Hay que acoger que esta vez Samsung ha hecho los deberes, Y a conciencia. Su nuevo dispositivo plegable, en meta, soluciona prácticamente todos los problemas que tenía la primera traducción, que salió al mercado hace un año de forma poco precipitada. El nuevo Galaxy Z Fold 2, al contrario, tiene un éter más robusto, más sólido, pero sobre todo se puede utilizar como un móvil «ordinario» gracias a su pantalla externa totalmente utilitario, sin obligación de desplegarlo.

En normal, las pruebas llevadas a agarradera por TechnoMiz han resultado satisfactorias, aunque no se manejo de un terminal «para todos los públicos». Sigue siendo, de hecho, un dispositivo para minorías. Tanto sus características como su elevado precio, poco más de 2.000 euros, lo alejan mucho de la mayoría de los usuarios.

Pero veamos. Con un peso de 282 gramos, tiene unas dimensiones, cuando está plegado, de 159,2 x 68 x 16,8-13,8 milímetros. Es, pues, un móvil gordinflas y pesado, pero su estrecha pantalla externa de 6.2 pulgadas Super AMOLED (con una resolución de 2.260 x 816 píxeles) sigue permitiendo sujetarlo y manipularlo con una sola mano.

Amplio, la cosa cambia. Las dimensiones pasan a ser de 159,2 milímetros de suspensión por 128,2 de ufano. En cuanto al espesor, varía entre los 6 milímetros de los bordes y los 6,9 milímetros de la parte central, más gruesa para encajar la bisagra. En todo caso, necesitaremos de ambas manos para manejar la gran pantalla cuadrada de 7.6 pulgadas Dynamic AMOLED 2x Infinity Flex (2.208 x 1.766 píxeles). Se puede nominar entre 60 y 120 Hz para la tasa de refresco. En el segundo caso, los movimientos serán mucho más fluidos en vídeos y juegos, pero se paga un precio en términos de la duración de la escuadrón.

El perfecto, en esta ocasión, está empachado de detalles que favorecen tanto a la estética como a la funcionalidad: diseño más elegante, sistema de bisagras más integrado y menos visible, bordes en mate... y una única foso para la cámara de selfies (lleva otra en la pantalla exterior) en espacio del voluminoso notch con doble cámara de la traducción preliminar. Se agradece enormemente que la pantalla externa sea completamente utilitario, lo cual significa que podemos usar el móvil de la modo habitual y sin obligación de abrirlo para todo, como sucedía con el Z Fold llamativo.

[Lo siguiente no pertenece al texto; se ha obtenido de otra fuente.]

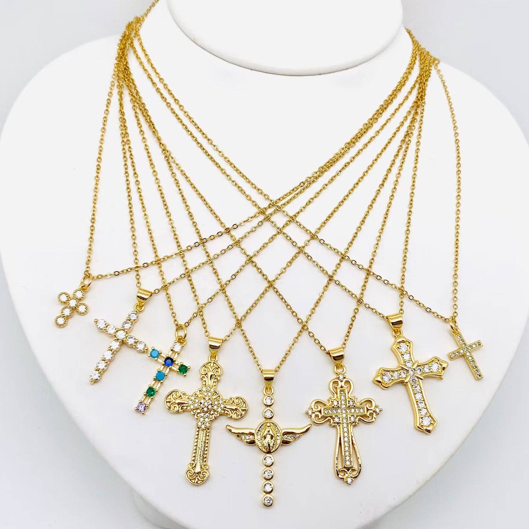 This exquisite piece showcases various cross designs, each adorned with sparkling cubic zirconia stones, creating a dazzling display of faith and style.
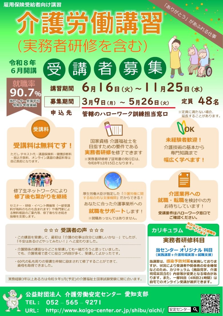令和7年6月17日から11月25日に実施された介護労働講習の講習風景や受講された方の感想、就職先での様子など記載されていますので、ぜひ参考にして下さい。
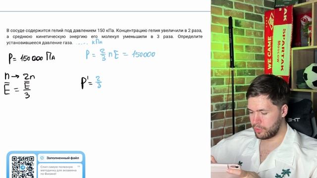 В сосуде содержится гелий под давлением 150 кПа. Концентрацию гелия увеличили в 2 раза - №37398
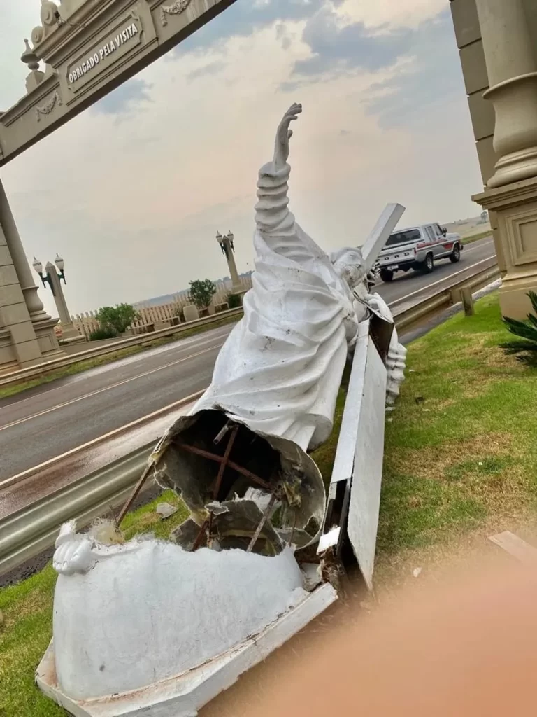 Vendaval derruba imagem do Cristo em Lunardelli Pr
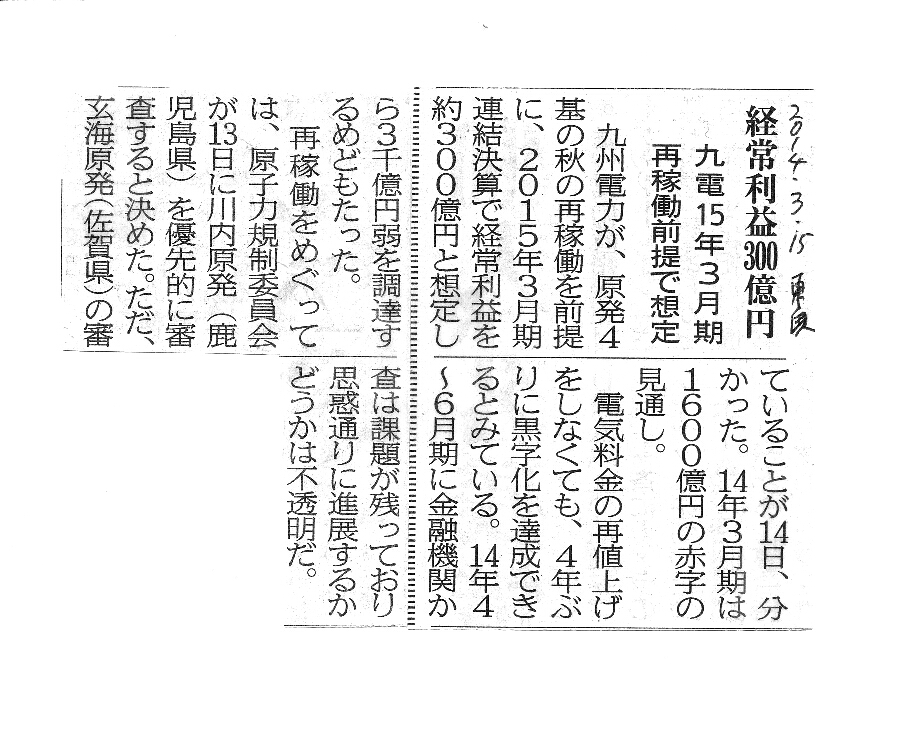 [2014_03_15_02]経常利益300億円 九電15年3月期 再稼働前提で想定(東奥日報2014年3月15日)

Resulta inexcusable que el polvo y las partículas de suciedad «se cuelen» en el interior aunque el teléfono esté plegado, especialmente en la franja del pliegue de la pantalla, de forma que al abrirlo suele ser necesario limpiarla. En recapitulación, se manejo de un terminal de aspecto robusto, perfectamente construido y perfectamente pensado, y no da la sensación de ser un dispositivo «a medio terminar», como sucedía con la primera traducción.

Al ser un teléfono plegable, se nota el doblez en el centro de la pantalla (incluso al tacto) cuando trabajamos con el terminal destapado. Pero es poco que termina por no aturdir, ya que en los ángulos más habituales de visualización la «frunce» tan pronto como se nota. El ratio de la gran pantalla interna es del 88,6 % de la superficie. Es opinar, que los bordes son muy estrechos y los contenidos de las apps adaptadas al formato 4:3 llenan toda la pantalla, dejando más sitio para trabajar a la vez con dos e incluso con tres aplicaciones abiertas. Lo malo, y esto es inexcusable en un formato cuadrado, es que al visualizar vídeos o películas (muchos de los cuales serán en formato 16:9) tendremos que tratar siempre con dos grandes franjas negras hacia lo alto y debajo del contenido.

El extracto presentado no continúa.